A pattern of conserved motifs is detected in the form of homology blocks extending to 20 to 30 bp. These conserved motifs exhibit distinct distribution characteristics, which reflect phylogenic as well as paralogy and orthology relationships between shh genes. C1 and C3 are homology blocks, which are present in all shh sequences, including shhb paralogs, in all species analyzed. In contrast, C2 and C4 are homology blocks that are present only in shh(a) genes but absent in shhb genes. Because C2 and C4 are present in pre-duplicated enhancers of sarcopterygians, the lack of C2 and C4 in shhb enhancers is probably due to a secondary loss of these elements after the fish-specific gene duplication. The two sets of putative binding sites (C1/C3 and C2/C4, respectively) may thus be targets for transcription factors that regulate the differential enhancer activities of shh(a) (predominantly notochord expression) and shhb (predominant floor plate expression). In conclusion, we identified a set of putative targets of mutations that may contribute to the divergence of ar-C enhancer functions after gene duplication.
Functional analysis of conserved motifs reveals the evolutionary changes that likely contributed to the enhancer divergence of shhparalogs
To test the functional significance of the two sets of homology blocks, we conducted a systematic mutation analysis of the C1 to C4 conserved homology blocks in both shha and shhb genes. Furthermore, we carried out exchange of homology blocks between shha and shhb ar-C enhancers to test whether evolutionary changes after gene duplication can be modeled in a transgenic zebrafish system.
As shown in Figure 5b-f, mutations inserted into homology blocks (C1 to C4) result in dramatic changes in shha ar-C enhancer activity. Replacement of C1 with random sequence results in total loss of ar-C enhancer function, indicating that this binding site is critical for shha ar-C activity (Figure 5b). By contrast, loss of C3 results in no observable effect, suggesting that this conserved block is either not required for enhancer function or only necessary for functions that are not detectable in our transgenic system (Figure 5d). Importantly, removal of C2 or C4 (the blocks that are only present in shha genes) results in strong expression of GFP in the floor plate (Figure 5c,e). In the case of C4 removal, a reduced reporter expression in the notochord has also been observed (Figure 5e). The obtained expression pattern strongly resembles the activity of the wild type shhb ar-C enhancer (compare panels e and g of Figure 5). Thus, removal of shha-specific motifs from the shha ar-C mimics shhb ar-C enhancers. Moreover, this result is consistent with a model in which the C2 and C4 elements are targets for repressors of floor plate expression in the shha ar-C enhancer.

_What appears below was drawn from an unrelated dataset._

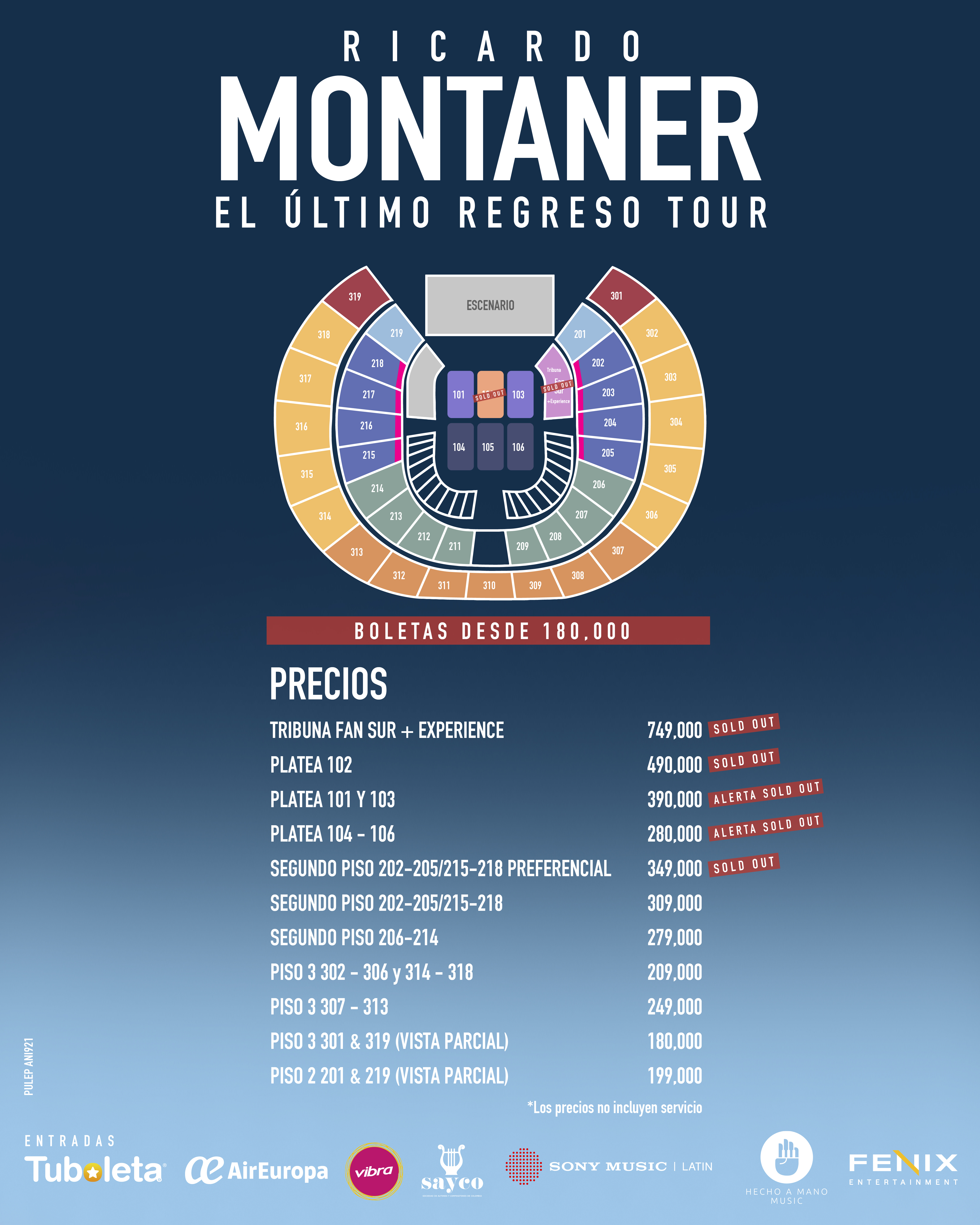 - Los sectores: 201, 219, 301 y 319 pueden tener restricciones de visibilidad dependiendo del montaje que se realice del espectáculo, pantallas, escenarios luces, sonido, etc, situación que reconoce y acepta en el momento de comprar las boletas. En los casos anteriores, no serán de recibo posteriores quejas o reclamaciones relacionadas con este aspecto, es decir con la visibilidad del espectáculo.

The multiple alignment of ar-C homolog sequences revealed a noticeable modification in the C4 element of acanthopterygian fishes, which do not have a shh paralog (fpr example, medaka and fugu; see Figure 4 and Additional data file 3 for alternative alignment results). The divergence in the C4 motif of acanthopterygians may reflect a functional change in the ar-C enhancer in these species, potentially leading to the relaxation of the floor plate repression observed in ar-C of shha genes. To test whether the modification of the C4 motif of acathopterygians may reflect the loss or modification of C4 repressor function, we have replaced the C4 of zebrafish shha with that of medaka shh. The resulting hybrid construct activated strong expression in the floor plate (Figure 5f), suggesting that the medaka C4 motif is unable to rescue the repressing activity of zebrafish shha C4 in zebrafish embryos.
We next asked whether shhb ar-C is active in the floor plate because it contains the general midline activator site C1 and lacks the floor plate repressor elements C2 and C4 that are present in the shha ar-C enhancer. To this end, we first tested whether the C1 and C3 of shhb are required for the function of the shhb enhancer. Similar to the results obtained with shha, C1 was found to be critical for the activity of shhb ar-C (compare panels b and h of Figure 5), whereas loss of C3 had no effect, thus mimicking the findings in shha (Figire 5i). We then introduced C2 or C4 into the shhb enhancer in order to test the functional significance of the lack of C2 and C4 motifs in shhb. When a shh-derived C2 was introduced into shhb ar-C, no effect was observed (Figure 5j), but introduction of the C4 putative floor plate repressor motif from shha did result in a dramatic shift in shhb enhancer activity (Figure 5k). The effect was a repression of floor plate expression while notochord activity was retained, thus resembling the wild-type or C2 mutant shha ar-C enhancer (Figure 5a,c). In a control experiment, random DNA sequence was introduced at similar positions into the shhb ar-C enhancer. However, this manipulation had no effect on the activity of shhb ar-C (data not shown), indicating that the changes observed with the C4 insertion are due to the specific sequence of C4. These results together strongly suggest that the function of C4 is to repress floor plate activation by the shha ar-C enhancer. Together, these findings are consistent with a model in which loss of the C4 motif in the evolution of the shhb ar-C has contributed to its floor plate specific activity.
Discussion
It has long been suggested [72, 73] that a major driving force in evolution of animal shape results from divergence of cis-regulatory elements of genes. Recent years have provided evidence in support of this hypothesis [11–13, 74–76]. However, the mechanisms of regulatory evolution are still poorly understood [1, 5, 77, 78]. In this report, we have systematically analyzed the evolutionary history of a single enhancer of orthologous and paralogous shh genes during vertebrate phylogeny. By constructing multiple alignments, we were able to predict which motifs within the ar-C enhancer represent regulatory input. Through specific mutations and exchanges of motifs, we mimicked probable evolutionary events in transgenic analysis and identified the lineage-specific modifications that lead to discernible changes in tissue-specific enhancer activity in embryo development.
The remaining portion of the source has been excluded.